**Exercise prompt**
Using the entries that follow, transcribe only the lines from the line with "お調べしたところ現在、DCMではペットシーツに関連する商品が販売されています。" to the line with "Por conseguinte, trata-se", both included, exactly as they stand and without pictures.

**Supplied records**

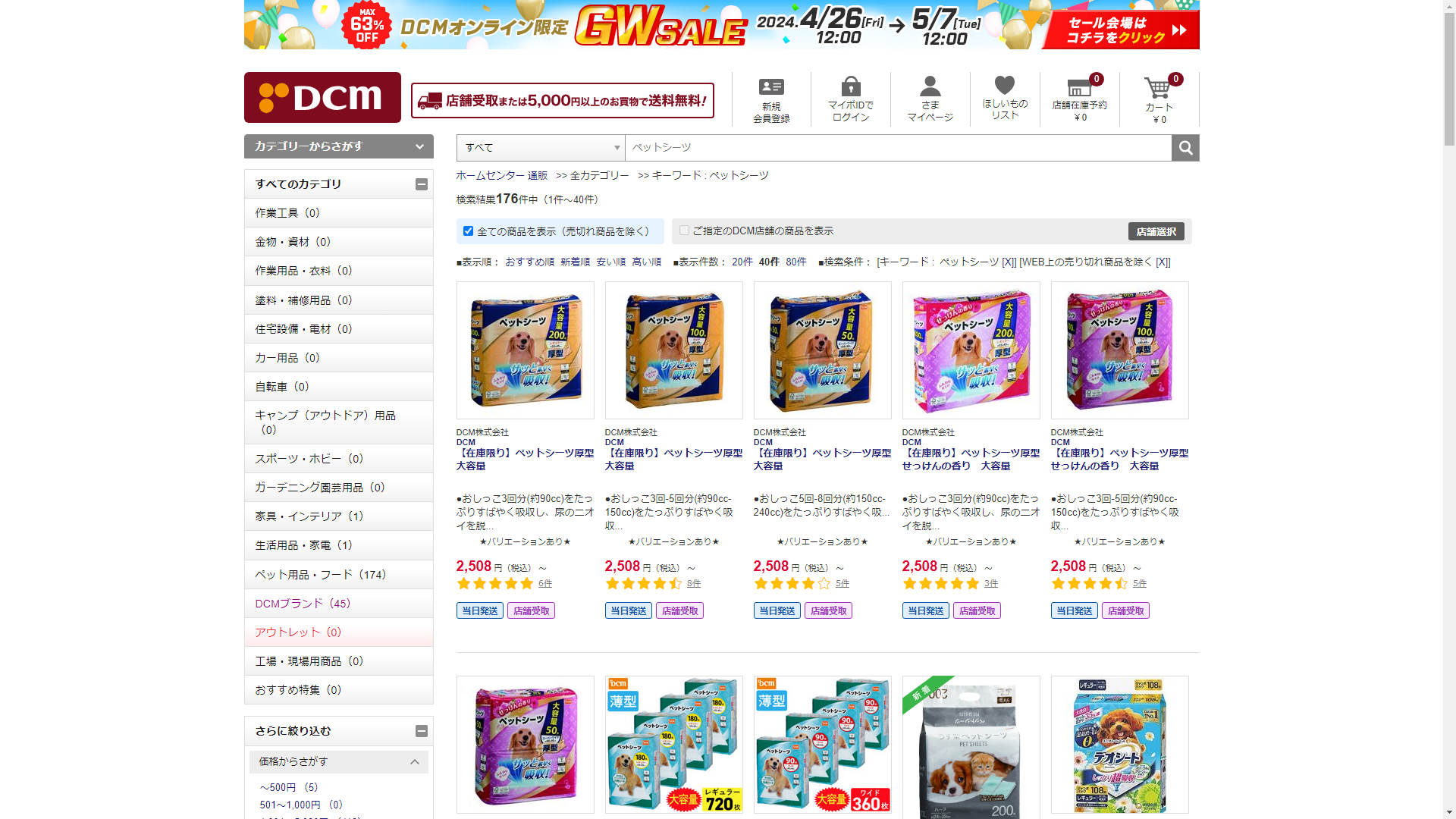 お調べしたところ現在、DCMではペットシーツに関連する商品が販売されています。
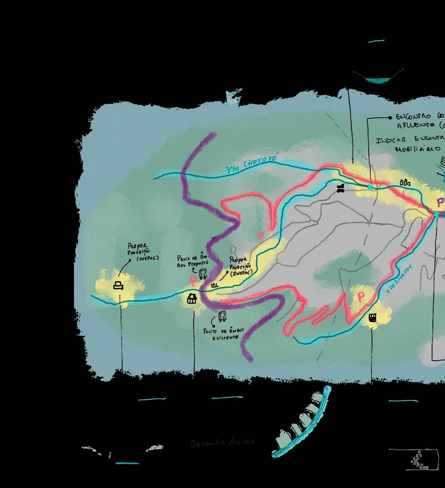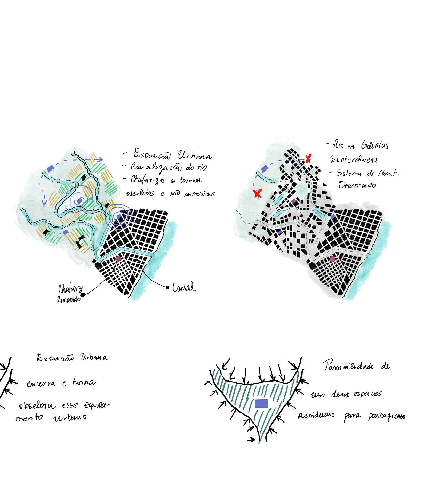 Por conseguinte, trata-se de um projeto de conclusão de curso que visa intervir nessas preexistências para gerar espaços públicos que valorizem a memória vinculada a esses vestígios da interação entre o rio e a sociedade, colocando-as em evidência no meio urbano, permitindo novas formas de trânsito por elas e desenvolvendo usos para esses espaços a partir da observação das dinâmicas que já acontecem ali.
* * *
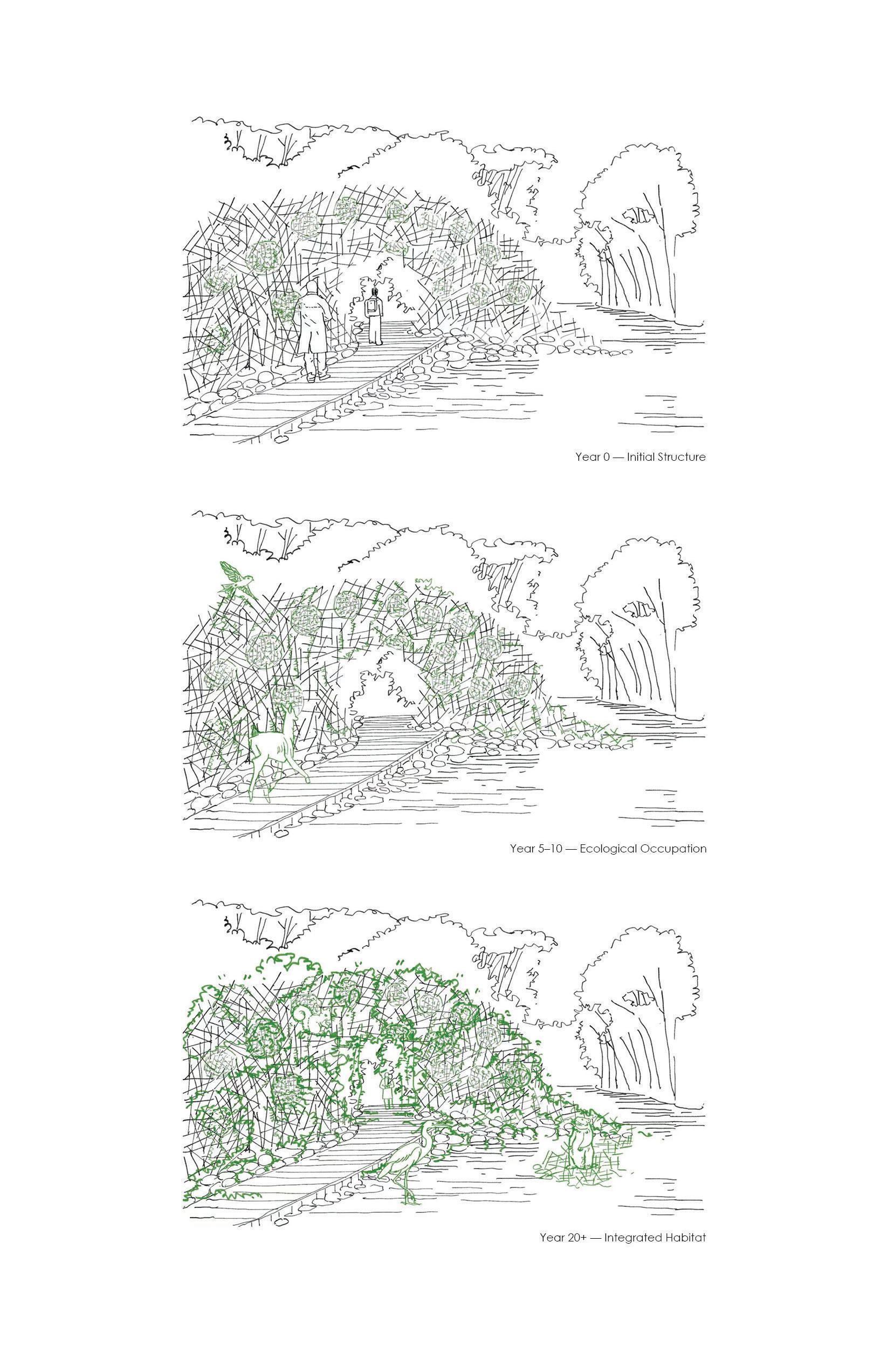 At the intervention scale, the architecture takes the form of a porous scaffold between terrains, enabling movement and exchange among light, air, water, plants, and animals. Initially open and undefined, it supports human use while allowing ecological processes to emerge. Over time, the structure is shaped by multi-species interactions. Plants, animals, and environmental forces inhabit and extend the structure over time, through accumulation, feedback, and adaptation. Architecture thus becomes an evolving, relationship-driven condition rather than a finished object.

**Task response**
 お調べしたところ現在、DCMではペットシーツに関連する商品が販売されています。
 Por conseguinte, trata-se de um projeto de conclusão de curso que visa intervir nessas preexistências para gerar espaços públicos que valorizem a memória vinculada a esses vestígios da interação entre o rio e a sociedade, colocando-as em evidência no meio urbano, permitindo novas formas de trânsito por elas e desenvolvendo usos para esses espaços a partir da observação das dinâmicas que já acontecem ali.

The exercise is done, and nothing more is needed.